The number of military age men coming of age is falling rapidly because of a low birth rate. There are also long-used methods to avoid conscription or otherwise being forced into the military. These techniques were developed two centuries ago when the Russian monarchy first introduced conscription. Families would try to hide their military age men, simply leave the country, or bribe conscription officials. The proportions of each varied over time – leaving the country was not possible during most of the communist period, while bribery rose in the 1990’s and really took off after the first Chechen war (1994). The government got new soldiers any way they could and life went on. 21st Century Russian recruiters have tried to adapt but the young men and their families are not cooperating.

Long before the Ukraine invasion disaster, Russia was struggling with the task of rebuilding the military after the collapse of the Soviet Union in late 1991. Russia needed soldiers and they became increasingly hard to obtain since the 1980s and that got worse after the 1991 collapse of the Soviet Union. Having tried just about everything else, Russia sought Russian-speaking foreigners from former Soviet republics that had become independent. Foreign recruits had to meet the psychological and physical standards, and especially if they had needed skills, good jobs are available. Not many Russian-speaking foreigners were interested.

This inability to attract new recruits, even with conscription, put the government in an embarrassing situation because promises were made on this issue and not kept. Not once but multiple times. Some of the solutions make the problem worse. For example, in 2012 the government assured the public that conscription would end by 2020 and be replaced with better paid and trained volunteers (contract soldiers). That did not happen because of a shortage of volunteers and money to pay them. To make matters worse the number of eligible conscripts continues (as expected) to shrink. This also puts at risk plans to also create a large reserve force.
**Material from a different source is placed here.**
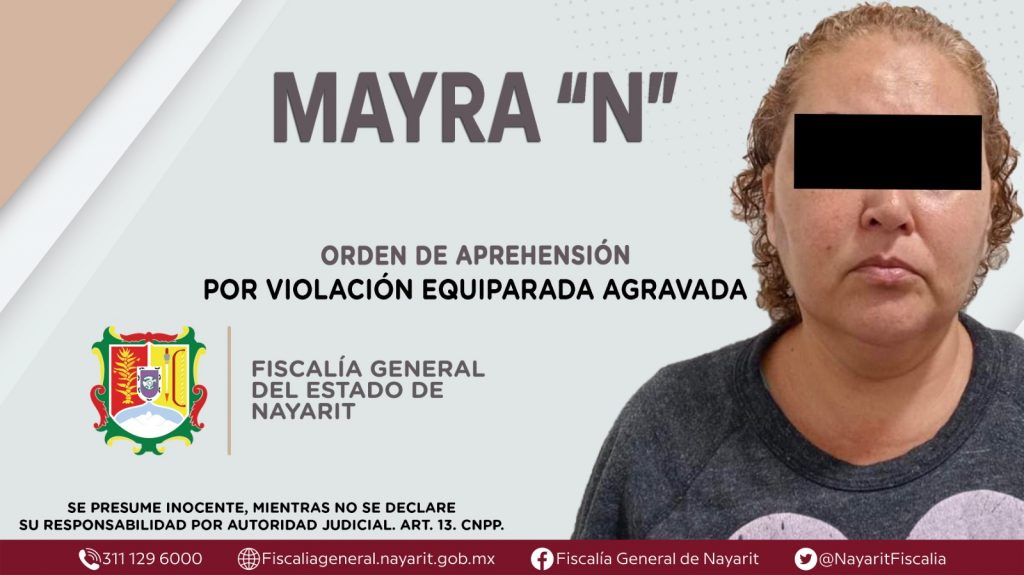 La Fiscalía General del Estado a través de la Agencia de Investigación Criminal dio cumplimiento a una orden de aprehensión en la ciudad de Tepic contra Mayra “N”, por su presunta participación en hechos que según valoración de la ley configuran el delito de violación equiparada agravada, en su modadlidad de omisión por ser garante del bien jurídico tutelado, cometido en agravio de una niña de identidad reservada.

The decline in available conscripts could be seen in the official number of conscripts expected for the semi-annual draft. Russian conscription still operates like the original 19th century version when it was easier to take the conscripts twice a year. The late 2017 draft expected to obtain 134,000 conscripts, compared to 152,000 in late 2016. Only 147,000 were available for the early 2017 draft and the decline continued into the 2020s. It was obvious that conscription could not be eliminated until the mid-2020s at the earliest and even that was seen as too optimistic because the military, under pressure to “meet the quota”, takes a larger number of young men who are unfit for service and leaves it to the units that receive these men to sort that out. That can be made to work in peacetime but if there is any combat it quickly leads to disaster. All industrialized nations (including China) now suffer from the problem of too many potential recruits being overweight, out of shape or illegal drug users.

In 2015 the conscript problem became a major domestic scandal because the government violated the law by sending conscripts into eastern Ukraine, where there was some combat. At first the government insisted that the law allowed conscripts to go if they were volunteers and signed a consent form. But families complained that a growing number of conscripts were sent in who had not volunteered and that they were sent to a combat zone that the government insisted contained no Russian troops. Some commanders were found to be using deception to get conscripts to volunteer and sign a document attesting to that, so they could be sent into Donbas (eastern Ukraine), which is not a declared war. Apparently some conscripts, caught up in the nationalist “NATO is conspiring against us” propaganda the government has been pumping out with increasing frequency and intensity, really did sign the document willingly. They were also encouraged by the much higher pay offered for those serving in a combat zone. But as often happens in the military, some volunteers were acting under duress or were deceived when told signing the contract was a formality to justify the extra money for some “special training exercises inside Russia”. Some of these volunteers later figured out where they really were and deserted inside Ukraine and shared details of their experiences with Ukrainians and others outside Russia.

This sort of thing was officially denied and denounced by the Russian government via the government controlled mass media. But the Internet is another thing and there were a growing number of Russians who called out their government for lying about what is going on in Ukraine and for forcing conscripts into combat zones. Some of those conscripts were sent back to their families in sealed coffins with the explanation that it was because of a training accident. Other soldiers who served with some of the dead soldiers, especially those who were also conscripts, provided more accurate and embarrassing, to the Russian government, versions of what went on.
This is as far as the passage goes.